Task description: Retype only what runs from the beginning of the data through the line with "A bus stop structure"; please omit the pictures and keep every line exact.

______

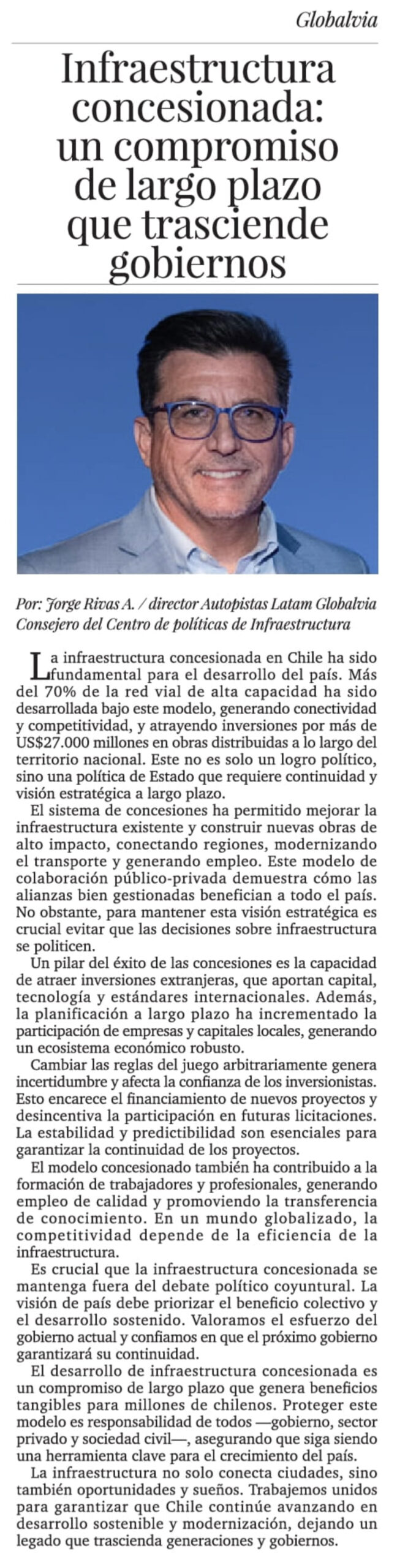 LA TERCERA – La infraestructura concesionada en Chile ha sido fundamental para el desarrollo del país. Más del 70% de la red vial de alta capacidad ha sido desarrollada bajo este modelo
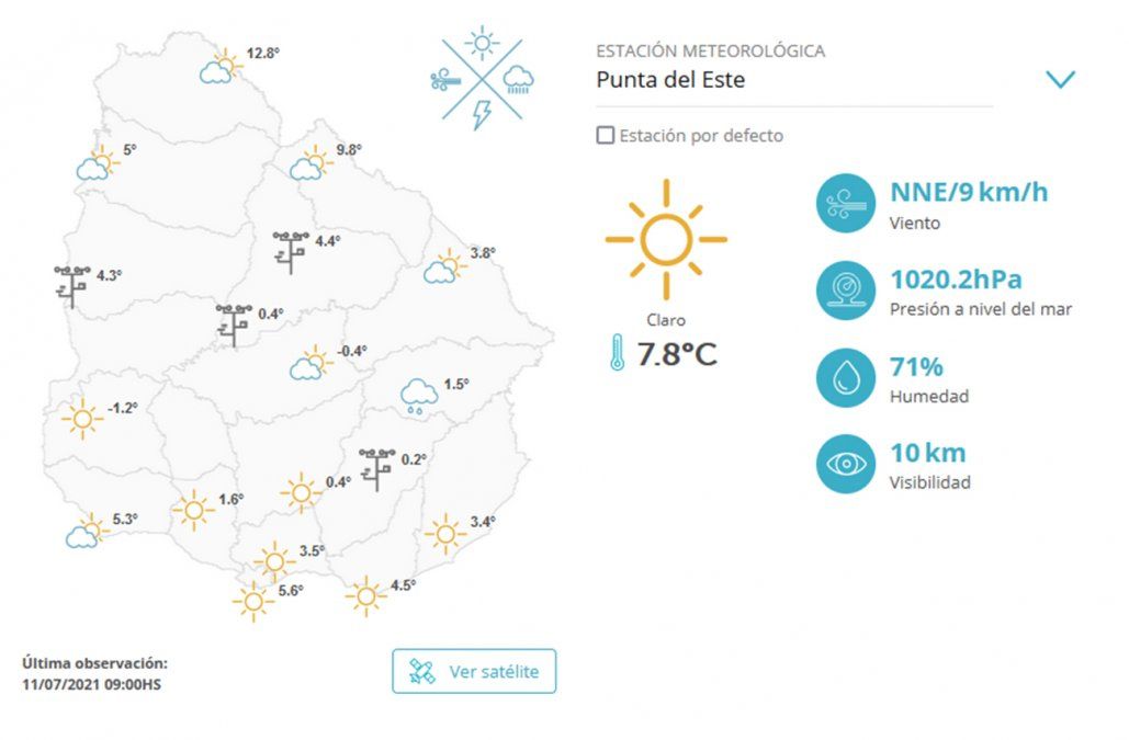 Según informa el Instituto Uruguayo de Meteorología, el tiempo en el sur está Claro con viento Calmo. La humedad 79% y la visibilidad 15 km. Hacia la tarde noche aumentará la nubosidad. La mínima 1º y la máxima esperada 18º.
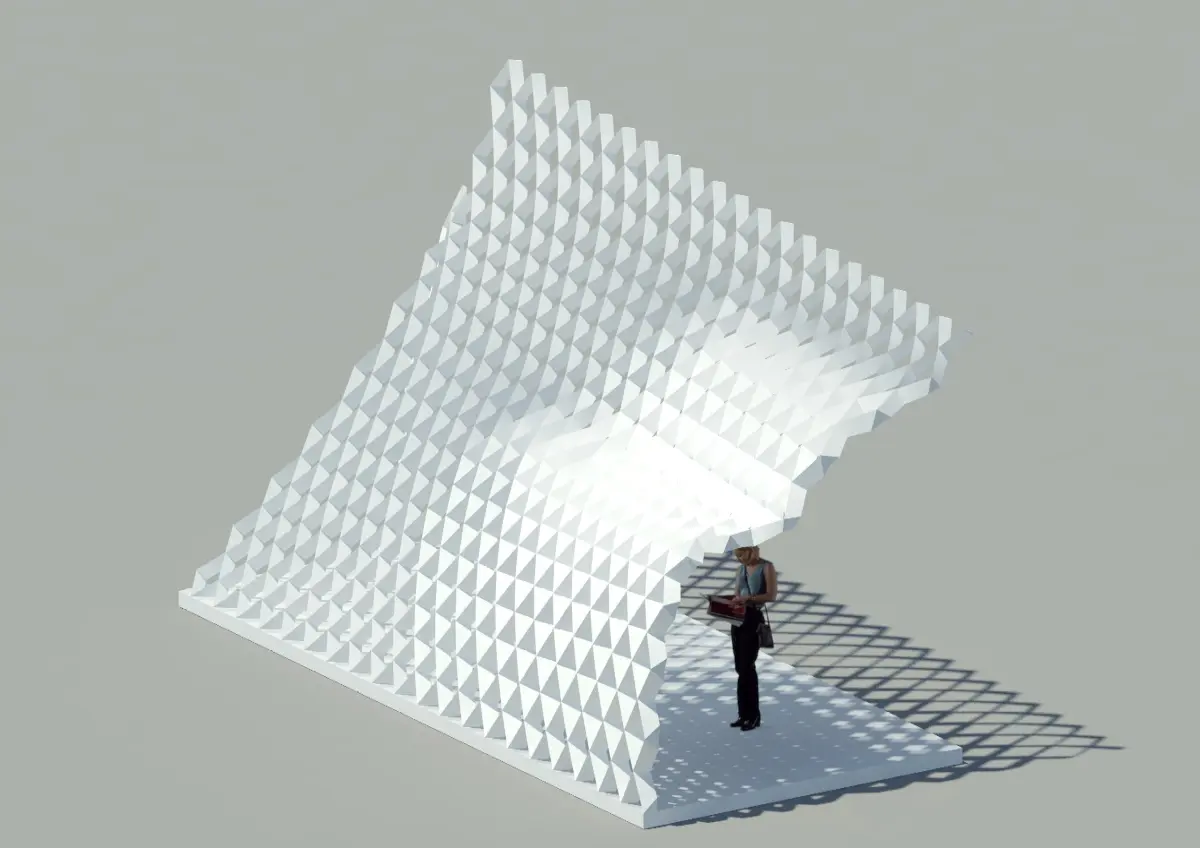 A bus stop structure designed with the theme of adaptive building.
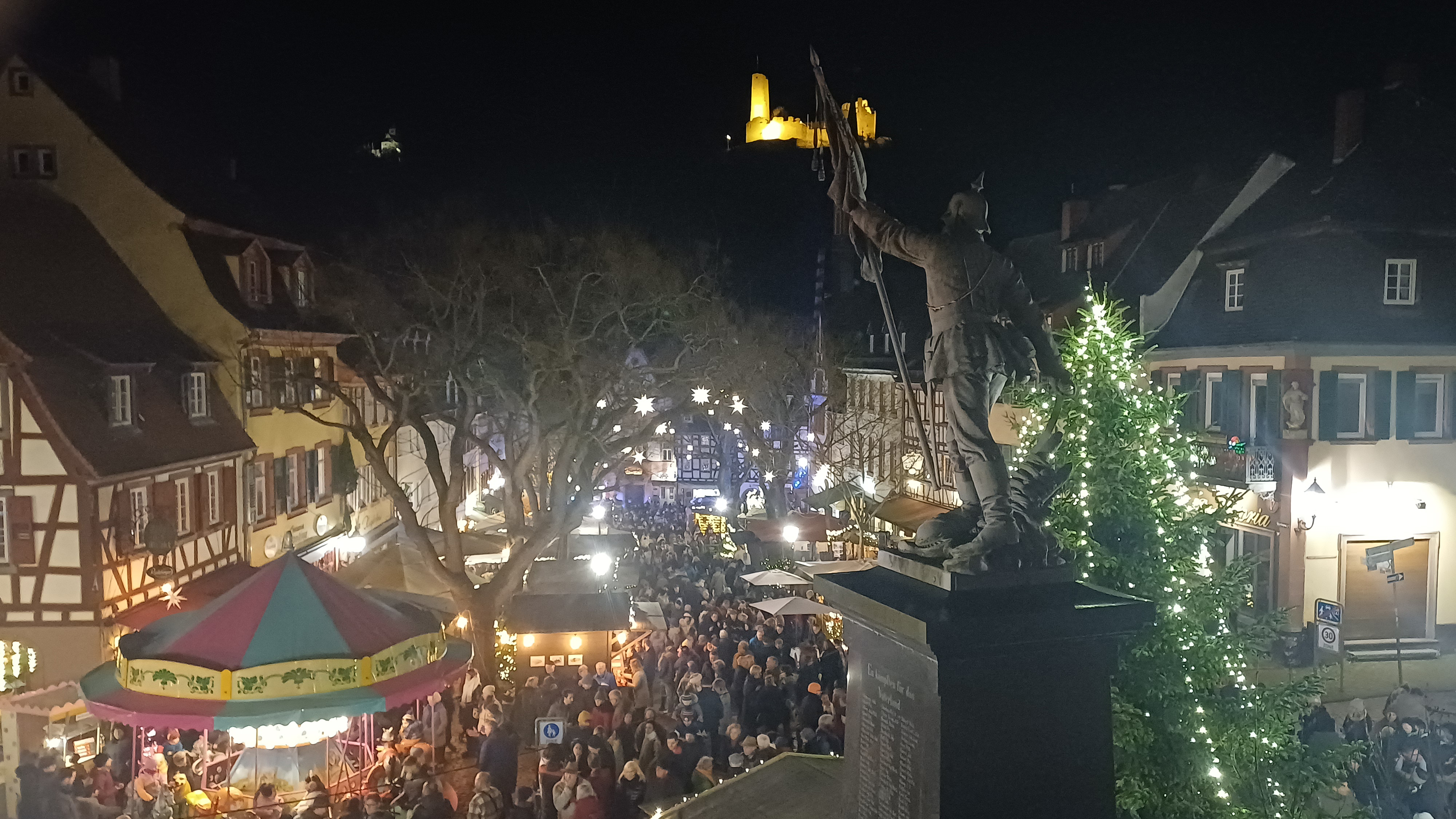 Oberbürgermeister Manuel Just nutzte die Gelegenheit, den Besuchern ein friedvolles Weihnachtsfest zu wünschen. Es sei wichtig, dass Menschen zu dieser Zeit auf einem Platz zusammenrücken, um Gemeinsamkeit zu spüren. Diese gesellschaftliche Solidarität habe Weinheim auch im Heimattage-Jahr gestärkt, betonte der OB. Es sei für Weinheim ein besonderes Jahr gewesen, weil sich Menschen bei Projekten und Veranstaltungen der Heimattage nähergekommen sind – in der gemeinsamen Idee und ihrem Heimatgefühl vereint. Auch die IG Marktplatz und die Stadt seien dieses Jahr nochmal näher zusammengerückt, um den Weihnachtsmarkt auch bei steigenden Sicherheitsmaßnahmen zu bewahren.
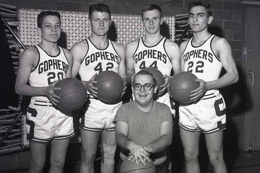 Image # 2193 - 1962-19631967-68 Stewart Boys basketball Group of four players with Coach Val Whipple, Two poses with same people L-R: John Kalenberg, Bert Bauer, Steve Doerr, Dale Bublotz (sp?) Identification, left to right: |
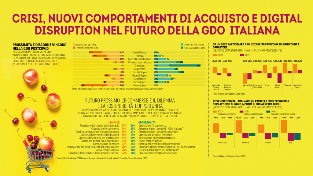 Anche nello scenario 2021, i punti più critici, stando ai manager della filiera alimentare sono, soprattutto la minaccia della crisi economica e dei suoi effetti negativi sulla domanda finale (il 27% prevede un calo negli acquisti di prodotti alimentari o del largo consumo) e nel 2021, con il graduale esaurirsi della emergenza sanitaria si attende una flessione del fatturato della rete fisica della grande distribuzione del 2,6% (-1,6% se si considera anche l’e-commerce). Andamento in controtendenza nella rete fisica solo per discount (+1,8%), specialisti drug (+2,9%). In maggiore difficoltà certamente il Sud, mentre sarà meno pronunciata la perdita delle regioni settentrionali anche grazie alla forte ulteriore crescita dell’e-commerce che si concentra proprio in quei territori.
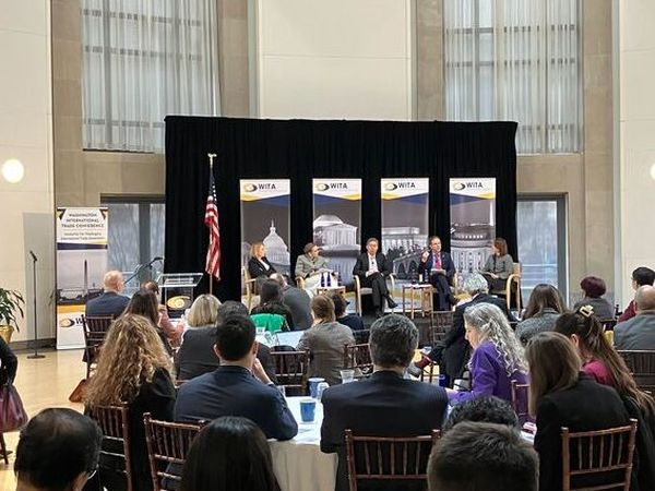 来自哥斯达黎加、新加坡、墨西哥的大使以及欧盟的外交官参加华盛顿国际贸易协会圆桌会议 图自华盛顿国际贸易协会官方X平台账号
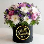 rose - 7 шт. chrysanthemums bacardi white - 3 шт. наполнители - 3 шт. шляпная коробка - 1 шт.

______

Exercise answer:
 LA TERCERA – La infraestructura concesionada en Chile ha sido fundamental para el desarrollo del país. Más del 70% de la red vial de alta capacidad ha sido desarrollada bajo este modelo
 Según informa el Instituto Uruguayo de Meteorología, el tiempo en el sur está Claro con viento Calmo. La humedad 79% y la visibilidad 15 km. Hacia la tarde noche aumentará la nubosidad. La mínima 1º y la máxima esperada 18º.
 A bus stop structure designed with the theme of adaptive building.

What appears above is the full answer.